### Your assignment
Every line below from the one containing "صور جوية| بالتزامن" through the one containing "脸两侧拿下一点发丝,留有空气感会更自然。" is to be printed exactly, with the pictures omitted.

Records from a data source:
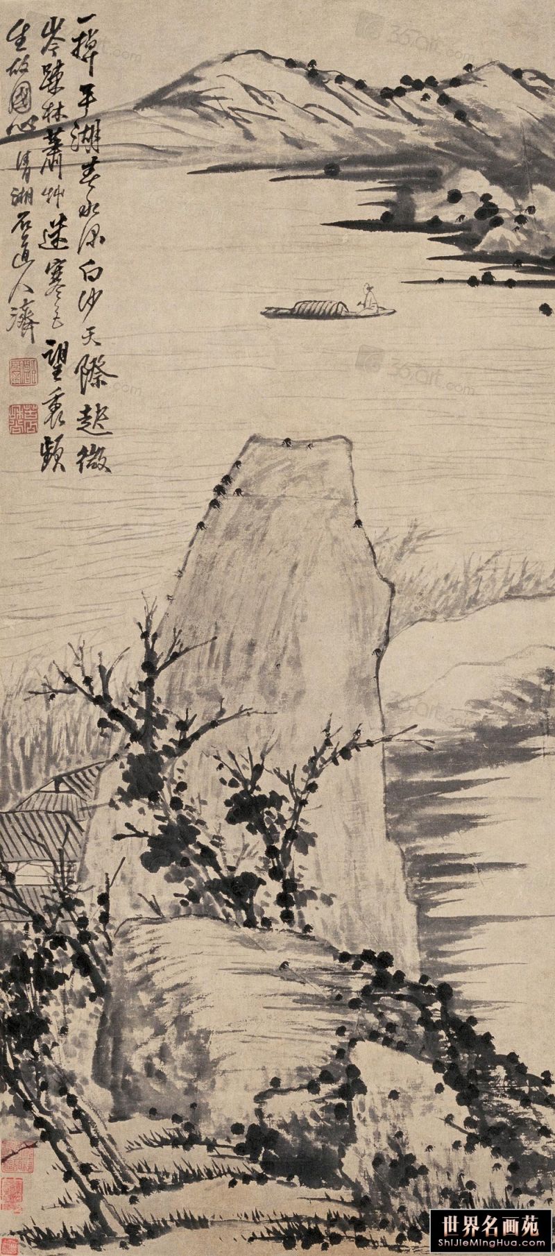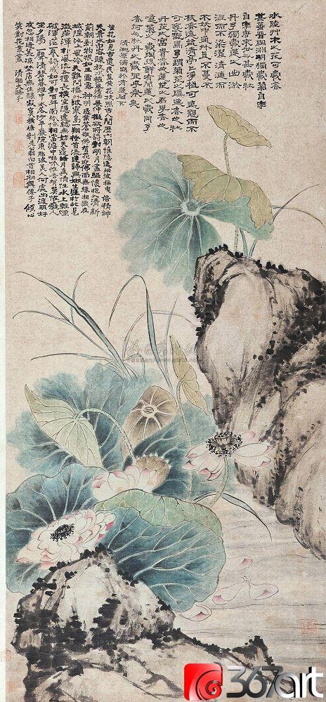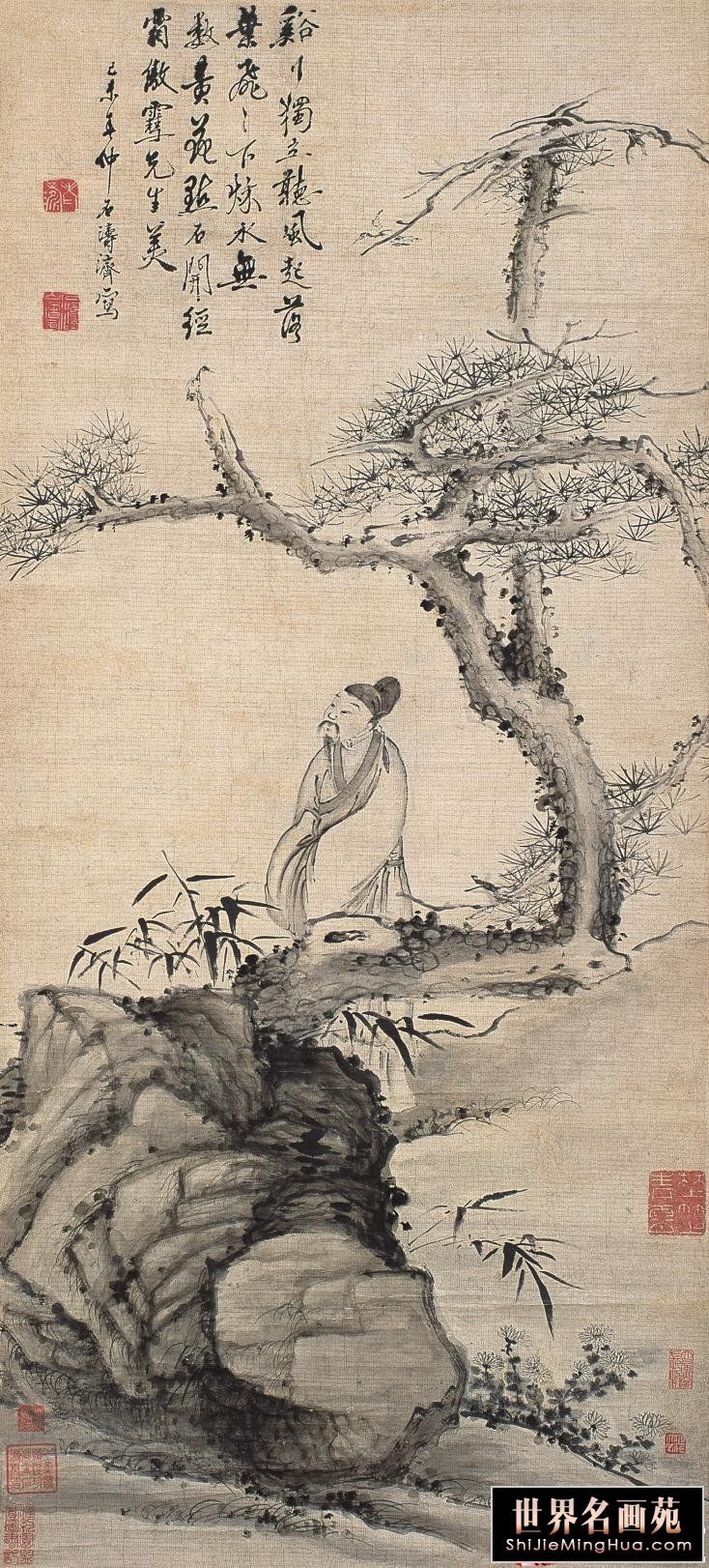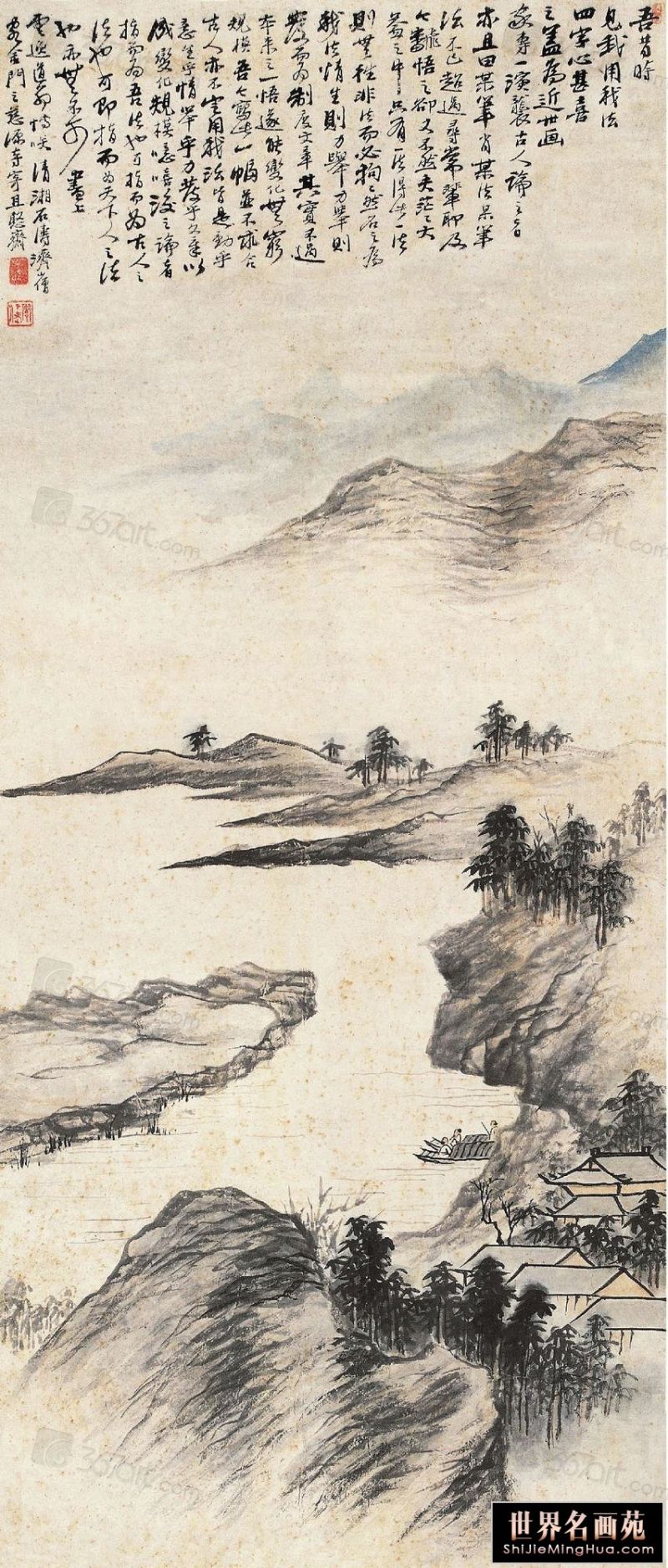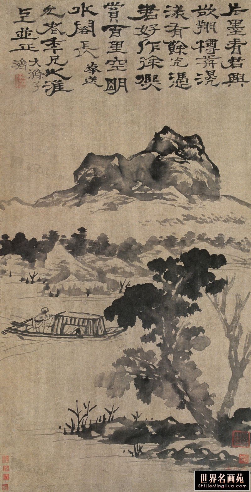 石涛(1642一约1707),清代画家、中国画一代宗师。靖江王朱守谦十世孙,法名原济,一作元济。本姓朱,名若极。字石涛,又号苦瓜和尚,、大涤子、清湘陈人等。广西全州人,晚年定居扬州。明靖江王后裔,南明元宗朱亨嘉之子。幼年遭变后出家为僧,半世云游,以卖画为业。早年山水师法宋元诸家,画风疏秀明洁,晚年用笔纵肆,墨法淋漓,格法多变,尤精册页小品;花卉潇洒隽朗,天真烂漫,清气袭人;人物生拙古朴,别具一格。工书法,能诗文。存世作品有《搜尽奇峰打草稿图》《山水清音图》《竹石图》等。著有《苦瓜和尚画语录》。名言有“”一画论‘、“搜尽奇峰打草稿”,‘笔墨当随时代’等
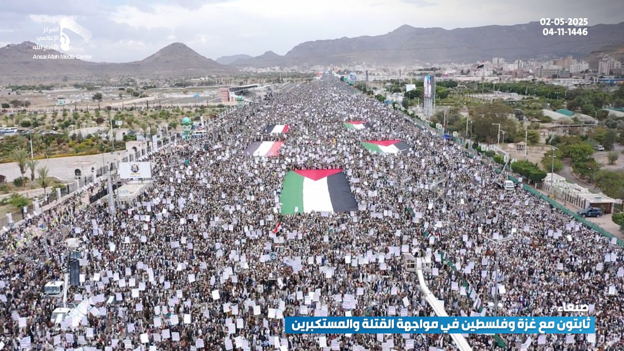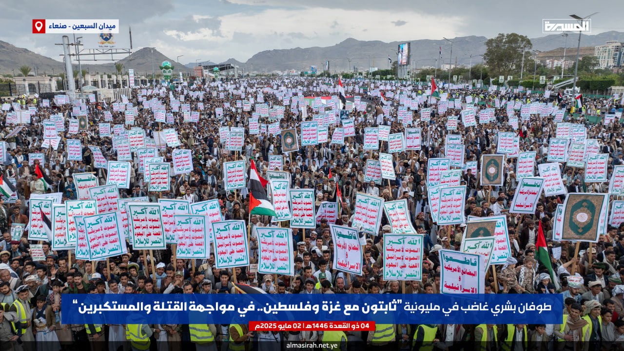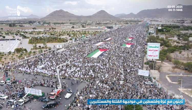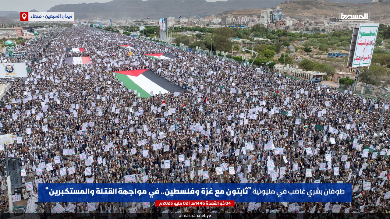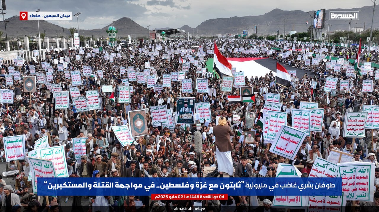 صور جوية| بالتزامن مع الصواريخ اليمنية نحو الكيان طوفان يمني يصفع العدو الأمريكي… حشود مليونية في مسيرة “ثابتون مع غزة وفلسطين.. في مواجهة القتلة والمستكبرين” بميدان السبعين في العاصمة صنعاء 04-11-1446هـ | 02-05-2025م
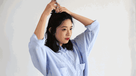 脸两侧拿下一点发丝,留有空气感会更自然。
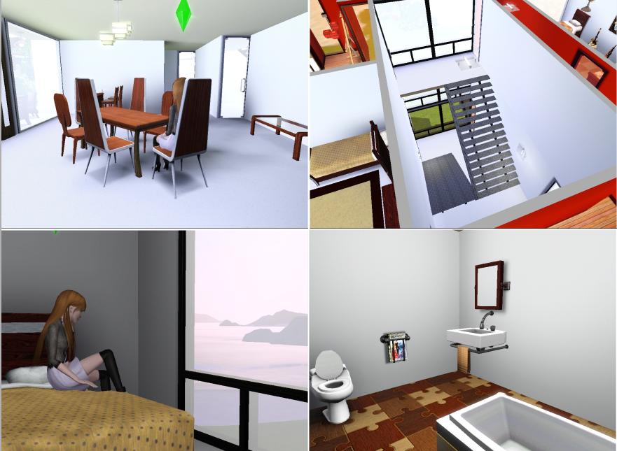 a big house for 5 people. But there are 3 unfurnished rooms, so it may as well be for 8 :3 This one was built on sunnyside 477 (the name may be wrong since I play russian version. It's the lot on the beach in the down-left of sunset valley). And I've realised what I have to do to show more of the house ^^ enjoy
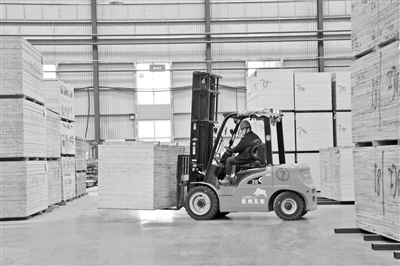 近年来,港南区木业企业通过技术改造不断延伸企业产业链,产品从最初的单板、建筑模板等普通板材,逐步向家具板、护墙板、木地板、装修板、板式家具和家具辅助装饰材料等高附加值产品发展,木材加工产业已成为该区优势产业。图为记者近日拍摄的港南区新塘产业园广西荣登堡木业有限公司生产车间一角。
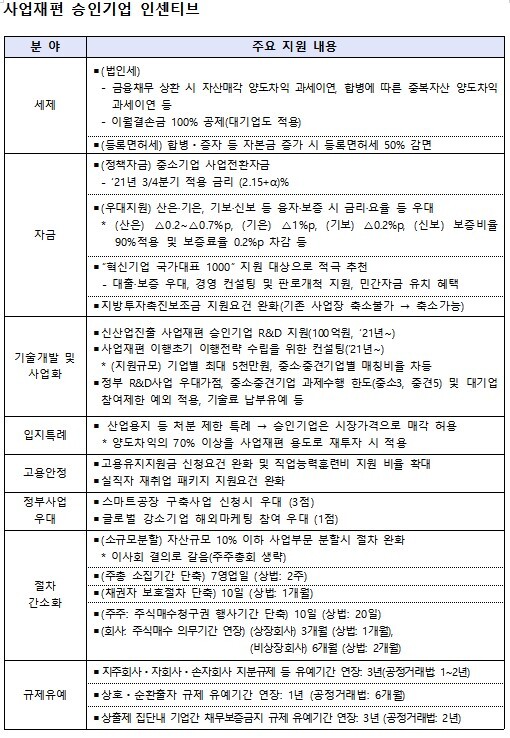 사업재편 승인을 받은 기업들은 상법과 공정거래법의 각종 규제들이 유예되며 절차도 간소화된다. 또 금융, 세제, 고용, R&D 등 다양한 분야의 인센티브가 지원된다.
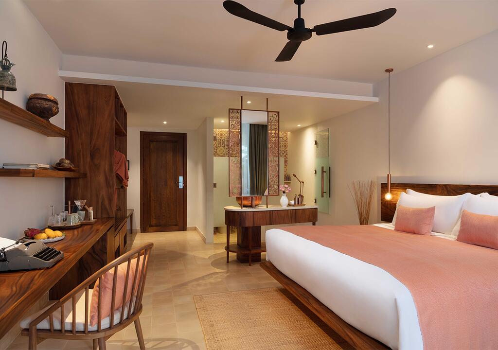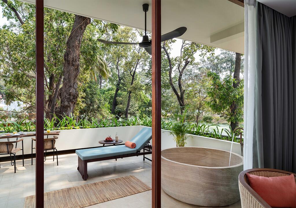 The rooms and suites at FCC Angkor are bright, airy, and deeply comfortable. Large windows frame garden or pool views, while interiors feature a palette of natural materials, local art, and soft, calming tones. Every detail—plush beds, spacious bathrooms, curated accessories—is designed to feel welcoming and personal, more private retreat than standard hotel room.

### Solution to the exercise
 صور جوية| بالتزامن مع الصواريخ اليمنية نحو الكيان طوفان يمني يصفع العدو الأمريكي… حشود مليونية في مسيرة “ثابتون مع غزة وفلسطين.. في مواجهة القتلة والمستكبرين” بميدان السبعين في العاصمة صنعاء 04-11-1446هـ | 02-05-2025م
 脸两侧拿下一点发丝,留有空气感会更自然。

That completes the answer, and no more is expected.